- Opening Delimiter -
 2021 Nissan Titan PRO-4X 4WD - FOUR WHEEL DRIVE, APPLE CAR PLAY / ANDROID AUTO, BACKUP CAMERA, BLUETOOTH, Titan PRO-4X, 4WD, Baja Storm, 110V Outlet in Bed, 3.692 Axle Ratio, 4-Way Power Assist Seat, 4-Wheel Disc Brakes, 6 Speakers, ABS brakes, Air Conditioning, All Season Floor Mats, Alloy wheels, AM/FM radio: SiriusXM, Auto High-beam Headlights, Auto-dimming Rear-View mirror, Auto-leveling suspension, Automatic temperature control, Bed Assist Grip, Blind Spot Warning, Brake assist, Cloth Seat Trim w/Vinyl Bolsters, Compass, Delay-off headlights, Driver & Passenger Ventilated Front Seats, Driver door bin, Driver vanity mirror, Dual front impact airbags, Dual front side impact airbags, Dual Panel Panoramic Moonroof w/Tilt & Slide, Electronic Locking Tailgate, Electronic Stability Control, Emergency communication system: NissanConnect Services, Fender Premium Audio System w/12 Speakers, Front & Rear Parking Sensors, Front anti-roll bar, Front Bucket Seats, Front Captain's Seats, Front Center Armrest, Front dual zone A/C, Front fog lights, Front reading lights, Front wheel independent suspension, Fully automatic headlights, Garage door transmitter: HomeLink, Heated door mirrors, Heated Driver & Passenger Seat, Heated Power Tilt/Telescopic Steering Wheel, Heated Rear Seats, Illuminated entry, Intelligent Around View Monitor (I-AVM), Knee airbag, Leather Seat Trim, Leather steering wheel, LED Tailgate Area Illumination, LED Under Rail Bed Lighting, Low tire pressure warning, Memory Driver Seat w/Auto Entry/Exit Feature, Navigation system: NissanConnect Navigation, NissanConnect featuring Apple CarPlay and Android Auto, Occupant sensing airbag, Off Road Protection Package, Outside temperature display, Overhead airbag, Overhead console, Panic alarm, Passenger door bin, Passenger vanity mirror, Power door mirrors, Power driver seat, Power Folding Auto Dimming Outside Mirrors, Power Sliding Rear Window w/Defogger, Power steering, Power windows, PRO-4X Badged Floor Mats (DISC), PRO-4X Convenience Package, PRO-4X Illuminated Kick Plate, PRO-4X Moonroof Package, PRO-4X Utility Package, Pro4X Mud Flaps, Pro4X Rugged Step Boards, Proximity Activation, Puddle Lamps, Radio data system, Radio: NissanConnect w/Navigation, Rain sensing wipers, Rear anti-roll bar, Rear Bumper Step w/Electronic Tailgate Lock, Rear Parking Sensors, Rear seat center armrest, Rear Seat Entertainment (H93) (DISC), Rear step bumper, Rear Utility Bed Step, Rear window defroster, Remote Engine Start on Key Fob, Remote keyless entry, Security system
- Closing Delimiter -
- Opening Delimiter -
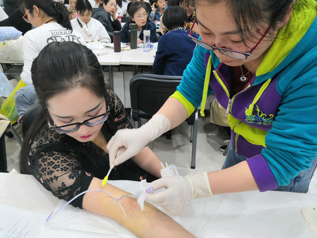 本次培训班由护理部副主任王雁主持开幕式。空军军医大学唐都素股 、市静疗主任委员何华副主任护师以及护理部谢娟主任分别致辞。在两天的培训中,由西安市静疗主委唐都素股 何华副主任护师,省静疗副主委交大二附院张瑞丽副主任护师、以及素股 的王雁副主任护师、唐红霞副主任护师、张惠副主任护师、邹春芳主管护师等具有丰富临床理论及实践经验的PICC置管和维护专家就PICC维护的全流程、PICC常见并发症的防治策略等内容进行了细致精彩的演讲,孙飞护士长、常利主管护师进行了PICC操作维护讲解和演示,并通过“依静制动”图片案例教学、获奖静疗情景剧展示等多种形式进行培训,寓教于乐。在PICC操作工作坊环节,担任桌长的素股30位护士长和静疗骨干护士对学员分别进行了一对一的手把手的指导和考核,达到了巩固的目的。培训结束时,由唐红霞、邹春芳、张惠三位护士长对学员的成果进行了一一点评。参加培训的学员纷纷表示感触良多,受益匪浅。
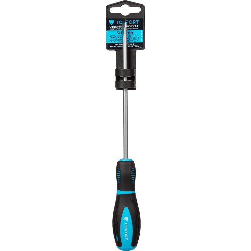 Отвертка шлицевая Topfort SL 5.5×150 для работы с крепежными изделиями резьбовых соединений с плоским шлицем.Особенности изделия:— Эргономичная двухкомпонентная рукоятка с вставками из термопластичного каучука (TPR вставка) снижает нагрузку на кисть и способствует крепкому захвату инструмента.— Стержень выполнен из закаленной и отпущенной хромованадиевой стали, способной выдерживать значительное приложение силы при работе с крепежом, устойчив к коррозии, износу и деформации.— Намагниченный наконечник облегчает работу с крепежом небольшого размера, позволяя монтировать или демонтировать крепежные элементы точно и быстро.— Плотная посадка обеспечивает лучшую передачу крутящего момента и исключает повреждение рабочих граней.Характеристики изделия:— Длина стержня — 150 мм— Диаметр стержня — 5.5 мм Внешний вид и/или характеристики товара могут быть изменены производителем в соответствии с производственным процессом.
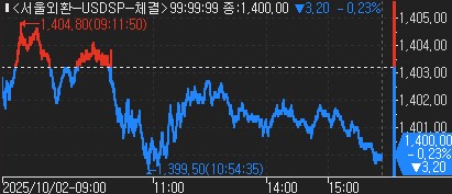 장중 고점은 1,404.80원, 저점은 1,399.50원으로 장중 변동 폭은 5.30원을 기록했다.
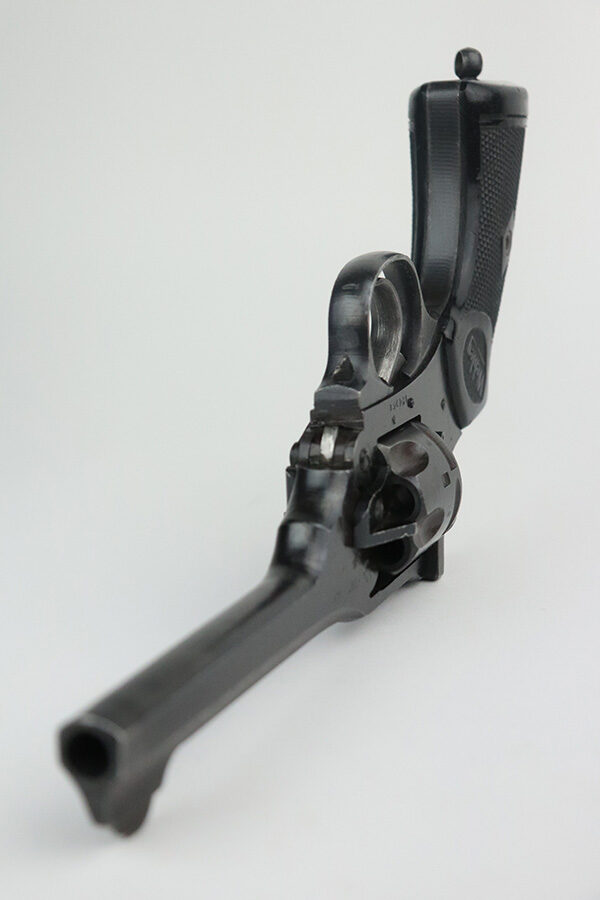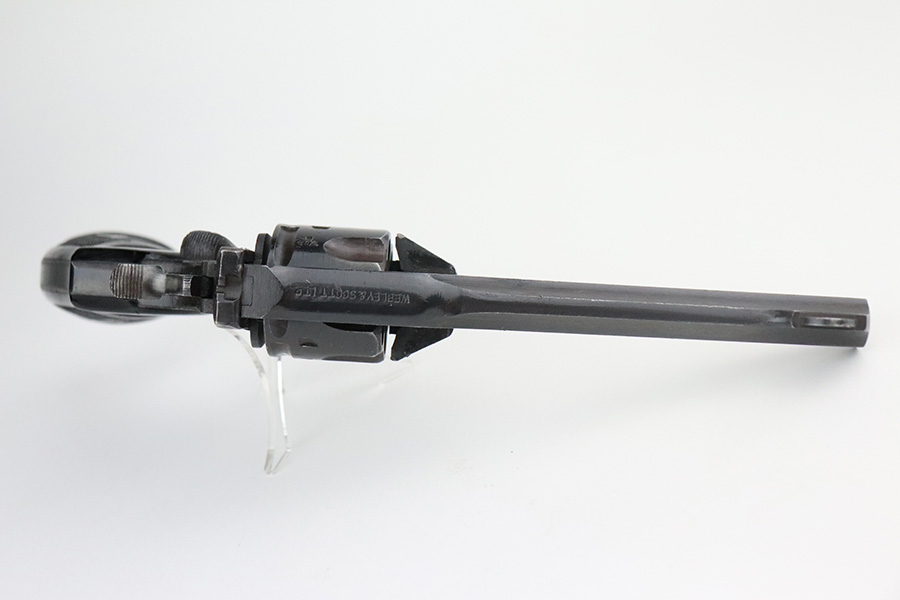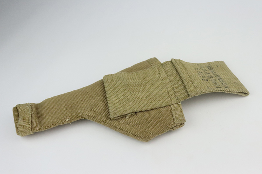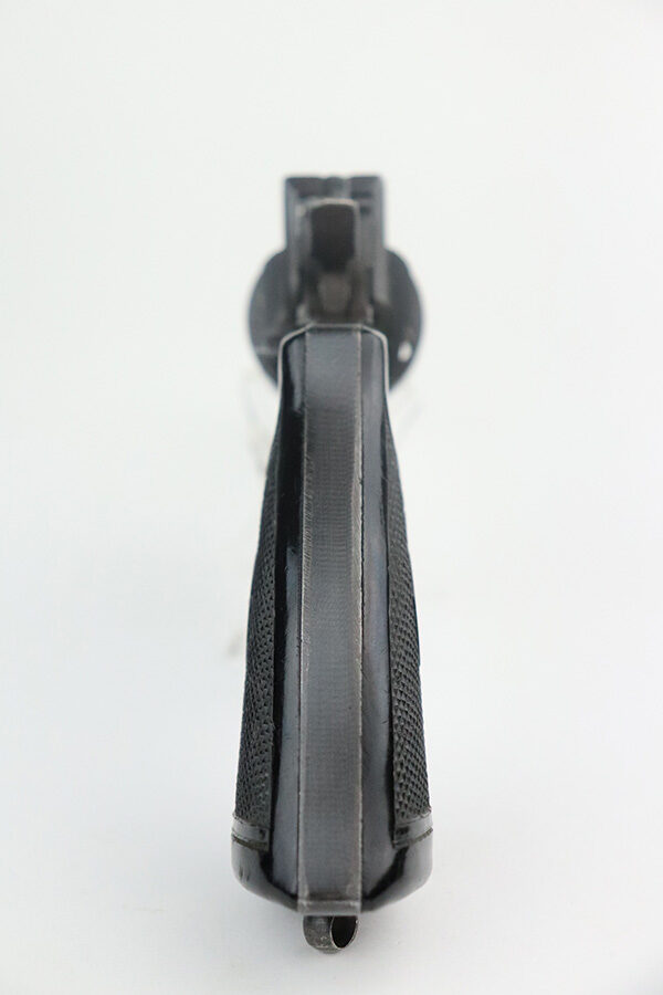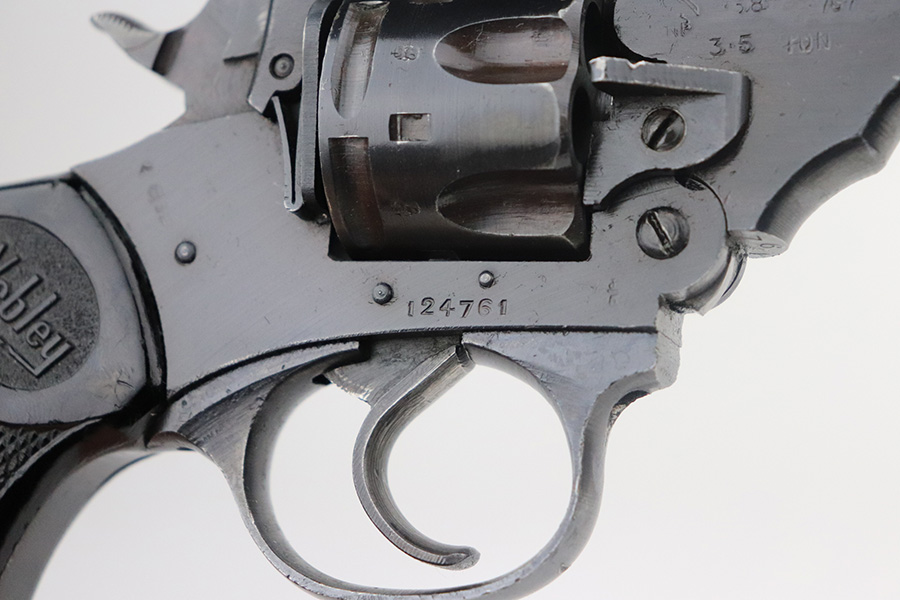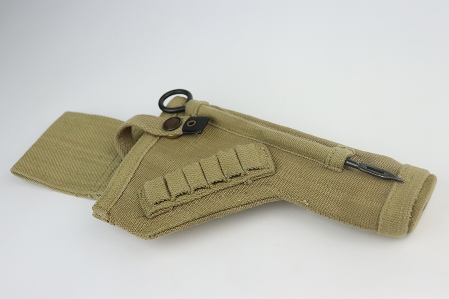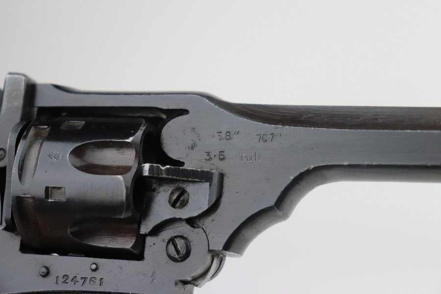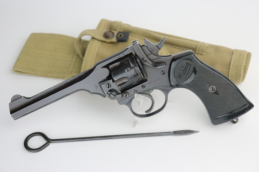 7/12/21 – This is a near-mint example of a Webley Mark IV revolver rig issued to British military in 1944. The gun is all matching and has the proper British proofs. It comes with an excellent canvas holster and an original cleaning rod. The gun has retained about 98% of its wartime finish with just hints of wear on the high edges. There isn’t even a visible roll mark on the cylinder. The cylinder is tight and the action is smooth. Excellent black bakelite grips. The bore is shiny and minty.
- Closing Delimiter -
- Opening Delimiter -
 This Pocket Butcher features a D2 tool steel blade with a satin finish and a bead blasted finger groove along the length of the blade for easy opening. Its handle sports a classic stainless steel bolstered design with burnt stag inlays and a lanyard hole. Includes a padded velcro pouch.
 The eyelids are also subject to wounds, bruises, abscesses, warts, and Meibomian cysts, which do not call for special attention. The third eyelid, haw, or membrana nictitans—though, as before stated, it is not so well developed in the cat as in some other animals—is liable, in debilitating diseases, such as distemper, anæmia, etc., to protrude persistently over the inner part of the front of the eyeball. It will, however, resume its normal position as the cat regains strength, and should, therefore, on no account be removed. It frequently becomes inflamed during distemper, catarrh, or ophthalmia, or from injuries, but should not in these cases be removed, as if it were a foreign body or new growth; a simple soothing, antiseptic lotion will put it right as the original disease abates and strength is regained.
- Closing Delimiter -
ACTION ITEM ->
Beginning with the line above that has "장중 고점은 1,404.80원, 저점은" and going on through the line that has "7/12/21 – This", retype every line exactly and add nothing else; drop the pictures.

YOUR RESPONSE ->
 장중 고점은 1,404.80원, 저점은 1,399.50원으로 장중 변동 폭은 5.30원을 기록했다.
 7/12/21 – This is a near-mint example of a Webley Mark IV revolver rig issued to British military in 1944. The gun is all matching and has the proper British proofs. It comes with an excellent canvas holster and an original cleaning rod. The gun has retained about 98% of its wartime finish with just hints of wear on the high edges. There isn’t even a visible roll mark on the cylinder. The cylinder is tight and the action is smooth. Excellent black bakelite grips. The bore is shiny and minty.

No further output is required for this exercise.